Methodology/Principal findings

Ten ecological models were constructed based on the occurrence data of Oncomelania hupensis and a range of variables in the Poyang Lake region of China, including four presence-only models (Maximum Entropy Models, Genetic Algorithm for rule-set Production, Bioclim and Domain) and six presence-absence models (Generalized Linear Models, Multivariate Adaptive Regression Splines, Flexible Discriminant Analysis, as well as machine algorithmic models–Random Forest, Classification Tree Analysis, Generalized Boosted Model), to predict high-risk snail habitats. Based on overall predictive performance, we found Presence-absence models outperformed the presence-only models and the models based on machine learning algorithms of classification trees showed the highest accuracy. The highest risk was located in the watershed of the River Fu in Yugan County, as well as the watershed of the River Gan and the River Xiu in Xingzi County, covering an area of 52.3 km2. The other high-risk areas for both snail habitats and schistosomiasis were mainly concentrated at the confluence of Poyang Lake and its five main tributaries.

Conclusions/Significance

This study developed a new distribution map of snail habitats in the Poyang Lake region, and demonstrated the critical role of ecological models in risk assessment to directing local field investigation of Oncomelania hupensis. Moreover, this study could also contribute to the development of effective strategies to prevent further spread of schistosomiasis from endemic areas to non-endemic areas.

Author summary

Oncomelania hupensis is the sole intermediate host of Schistosoma japonicum and it is critical for the long-term sustainable control and elimination of schistosomiasis. We suggest a new analytical framework to predict high-risk snail habitats based on ecological models. Their predictive performance were compared via three indices (receiver-operating characteristic [ROC] curve, Kappa value and calibrating plot) and further they were classified into three grades with different discrimination ability. The four best models were chosen and combined to identify snail habitats, facilitating classification of the snail habitats in the Poyang Lake region into four risk grades, which should be prioritized for interruption of the snail life cycle, with control intensity and scope dependent on the available health resources.

Introduction

Schistosomiasis japonica, a water-borne parasitic disease, has long been prevalent in 12 provinces located along the Yangtze River in China.

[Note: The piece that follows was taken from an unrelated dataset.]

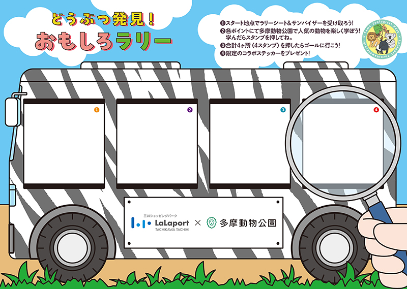 動物の面白い生態や豆知識が学べるスタンプラリー。ららぽーと立川立飛の館内4ヶ所のスタンプを集めてゴールすると限定コラボステッカーをプレゼント!
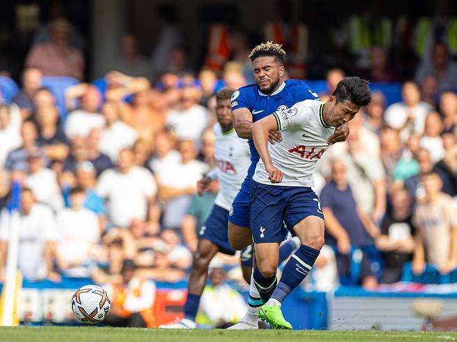 | ▲ 2022년 8월 14일 영국 런던에서 열린 첼시와 토트넘 홋스퍼의 잉글랜드 프리미어리그 경기에서 첼시의 리스 제임스(왼쪽)가 토트넘의 손흥민을 끌어내고 있다. 경기는 2-2 무승부로 끝났다. |

It is caused by infection with the parasite Schistosoma japonicum, which has a unique intermediate host, Oncomelania hupensis. During the past 60 years, China has made remarkable progress towards eliminating schistosomiasis japonica. Much of this progress was made during the World Bank Loan Project (1992–2001), e.g., prevalence was reduced by more than 50%[1]. Additional control activities were initiated in 2005 based on replacement of draft cattle with mechanisation and increased health education, which resulted in further gains in controlling this disease. Up to 2015, 12 endemic provinces located along the Yangtze River had reached the stage of transmission being interrupted or controlled[2]. Despite declining schistosomiasis prevalence year-by-year and an overall low prevalence, this disease remains a serious problem in China. Transmission risk remains high in some regional areas, especially the lake and marshland regions. It is alarming that the area of snail habitat in some regions (e.g. Hubei, Hunan, Jiangxi and Anhui) are still extensive and new or infective snail habitats are still being discovered, especially in these lake and marshland regions (e.g. Dongting Lake and Poyang Lake regions)[3]. This represents a serious challenge for preventing a rebound in prevalence and spread of schistosomiasis in China. Therefore, how to predict high-risk areas accurately and allocate the limited health resources effectively has become the key and future focus of schistosomiasis prevention and control activities.

It is widely acknowledged that the epidemiology of S. japonicum infections has a particular spatial characteristic because it depends on the presence of its sole intermediate host snail, O.hupensis, whose reproduction is governed by specific climatic and environmental condition[4]. It is certain that where schistosomiasis occurs (excluding imported cases), O.hupensis exist. Therefore, controlling the spread of O.hupensis, especially infected hosts, will lead to long-term effective schistosomiasis control since killing and eliminating snail habitats is the most sustainable measure for controlling this disease. However, this is challenging from the perspective of a national control strategy because of the massive investment of manpower, physical and financial resources, and potential environmental pollution.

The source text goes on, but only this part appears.